A verbatim repeat of the lines below is required, with the pictures removed.

Available data:
*** Block opens ***

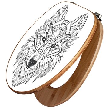 Design WC-Sitz Bambus Holz Motiv Wolf 2
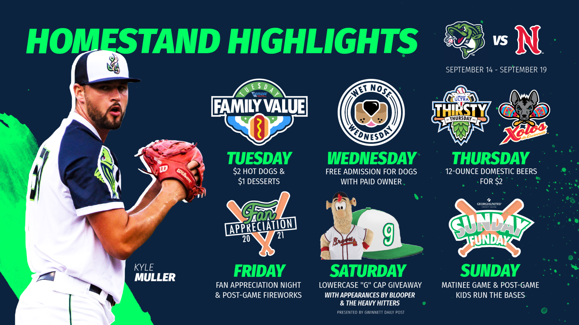 LAWRENCEVILLE, Ga. – The Gwinnett Stripers host the Nashville Sounds at Coolray Field for a six-game series from September 14 to September 19. The homestand includes Fan Appreciation Night and Fireworks Friday (September 17), and a retro-style Lowercase “g” Cap Giveaway (September 18). Here’s a full look at the homestand:
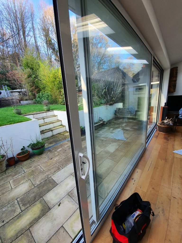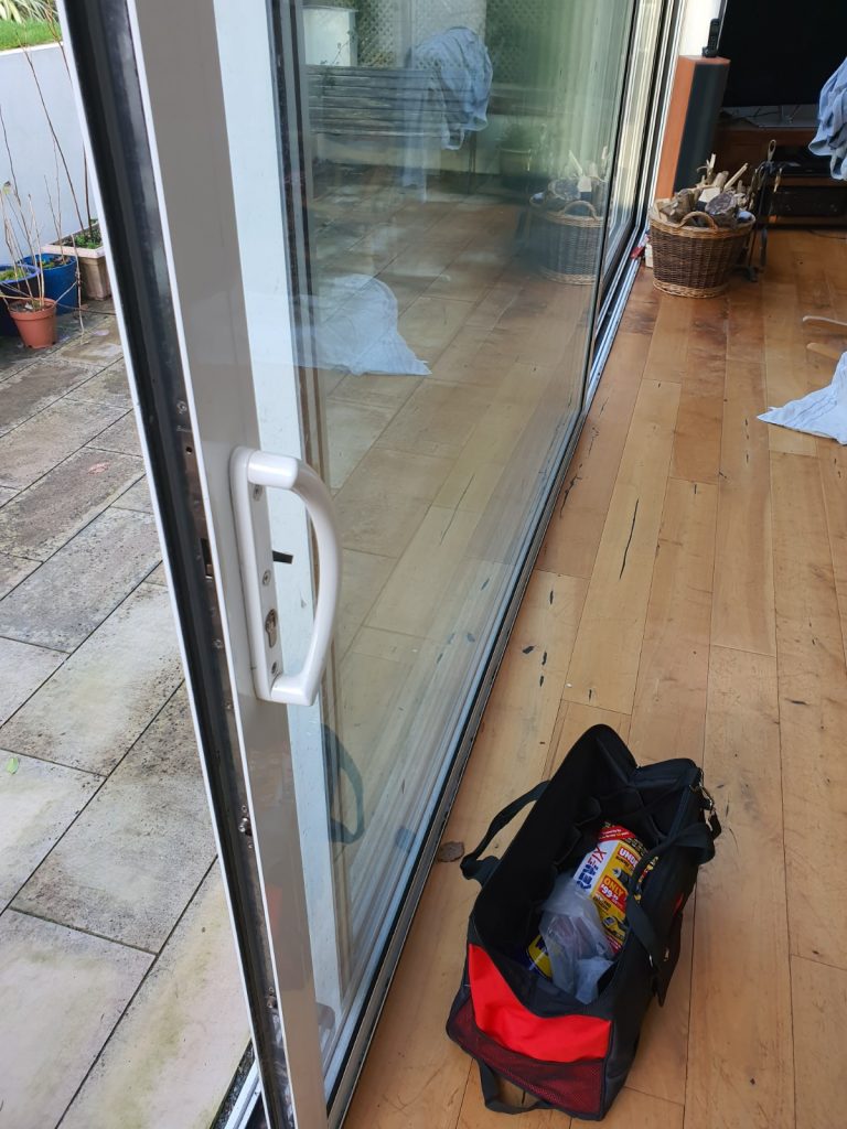 Three panels each panel about 3 m long and 1/2 m tall. The runners for the main door that is being used have become damaged, therefore will need to be replaced. As a result damaging the main wheel support rib on the track. The main door would need to be removed which is very heavy.
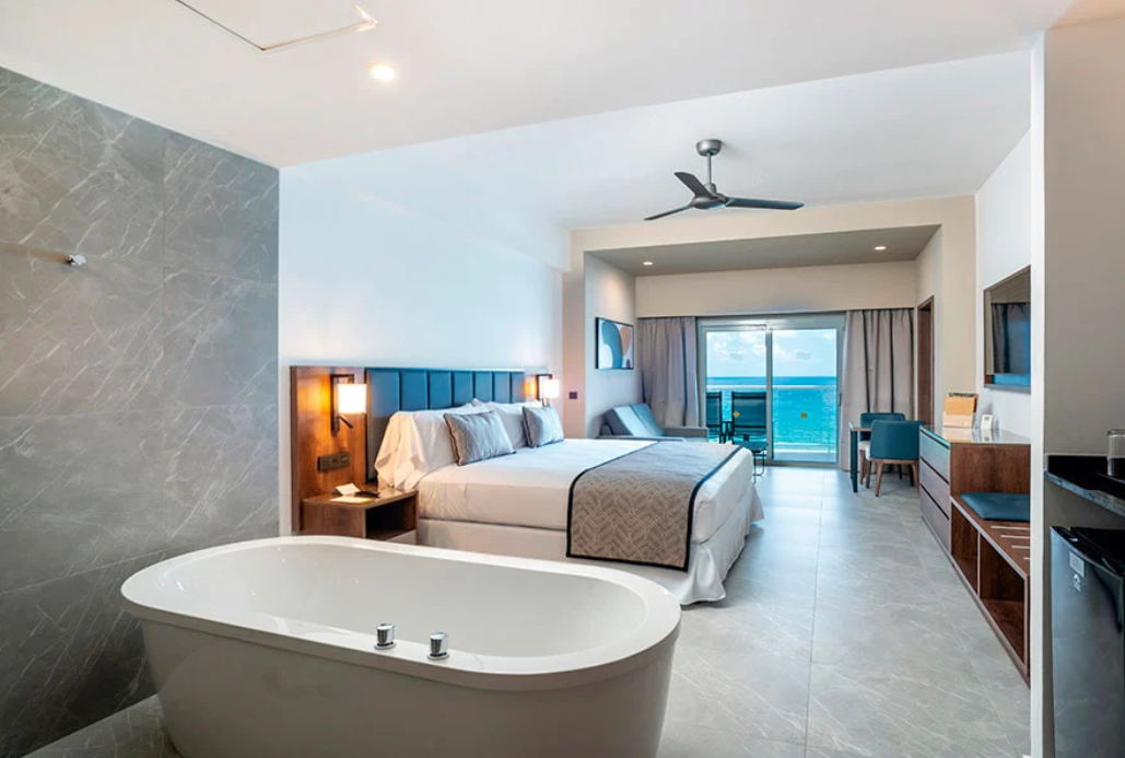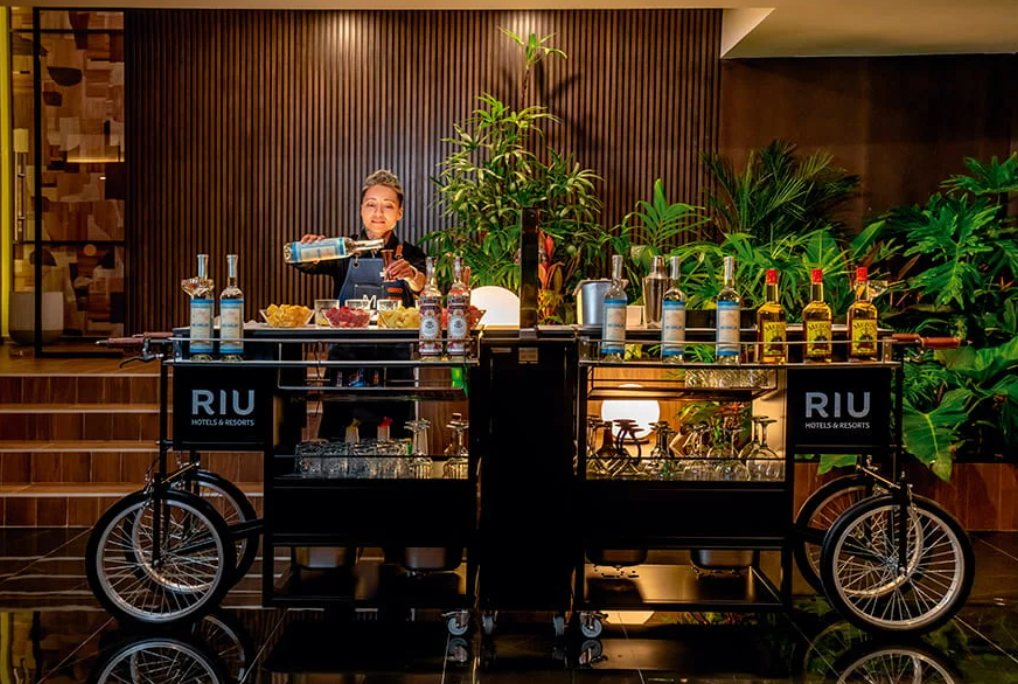 The Hotel Riu Palace Kukulkan is located in front of the most beautiful beaches in the Hotel Zone of Cancun, Mexico, within walking distance of the main shopping center, restaurants, and local attractions of the area. It’s the perfect paradise for a dream vacation in the Caribbean. With an elegant style, this All-Inclusive resort in Cancun has more than 400 superior category rooms, many of them with unparalleled ocean views. All the rooms have been designed to guarantee our guests a great night’s sleep and the utmost comfort. During your stay, you’ll enjoy room service available 24 hours, a regularly refilled minibar and liquor dispenser, and TV Casting for you to stream your favorite content from your own device. In the morning, guests can enjoy a complete breakfast buffet with live cooking, fresh fruit, juices, and many more options to choose from. Embark on a unique culinary experience at this hotel in Cancun, Mexico where you can savor the different flavors of the world with our wide range of dining options. We suggest sampling the best in international cuisine at the main restaurant with live cooking stations, as well as at our à la carte Asian, Mexican, and Italian restaurants. As you can see, you have a wide variety of F&B venues including a Burger bar by the pool and an ocean-view Lounge bar with an outdoor terrace. Plus, with the All-Inclusive you’ll have plenty of snacks, ice creams, and international drinks with top brands to choose from all day long at the swimming pool bars and the lobby bar, where we offer the mixology Experience featuring a daily signature drink.

*** Block closes ***

Expected answer:
 Design WC-Sitz Bambus Holz Motiv Wolf 2
 LAWRENCEVILLE, Ga. – The Gwinnett Stripers host the Nashville Sounds at Coolray Field for a six-game series from September 14 to September 19. The homestand includes Fan Appreciation Night and Fireworks Friday (September 17), and a retro-style Lowercase “g” Cap Giveaway (September 18). Here’s a full look at the homestand:
 Three panels each panel about 3 m long and 1/2 m tall. The runners for the main door that is being used have become damaged, therefore will need to be replaced. As a result damaging the main wheel support rib on the track. The main door would need to be removed which is very heavy.
 The Hotel Riu Palace Kukulkan is located in front of the most beautiful beaches in the Hotel Zone of Cancun, Mexico, within walking distance of the main shopping center, restaurants, and local attractions of the area. It’s the perfect paradise for a dream vacation in the Caribbean. With an elegant style, this All-Inclusive resort in Cancun has more than 400 superior category rooms, many of them with unparalleled ocean views. All the rooms have been designed to guarantee our guests a great night’s sleep and the utmost comfort. During your stay, you’ll enjoy room service available 24 hours, a regularly refilled minibar and liquor dispenser, and TV Casting for you to stream your favorite content from your own device. In the morning, guests can enjoy a complete breakfast buffet with live cooking, fresh fruit, juices, and many more options to choose from. Embark on a unique culinary experience at this hotel in Cancun, Mexico where you can savor the different flavors of the world with our wide range of dining options. We suggest sampling the best in international cuisine at the main restaurant with live cooking stations, as well as at our à la carte Asian, Mexican, and Italian restaurants. As you can see, you have a wide variety of F&B venues including a Burger bar by the pool and an ocean-view Lounge bar with an outdoor terrace. Plus, with the All-Inclusive you’ll have plenty of snacks, ice creams, and international drinks with top brands to choose from all day long at the swimming pool bars and the lobby bar, where we offer the mixology Experience featuring a daily signature drink.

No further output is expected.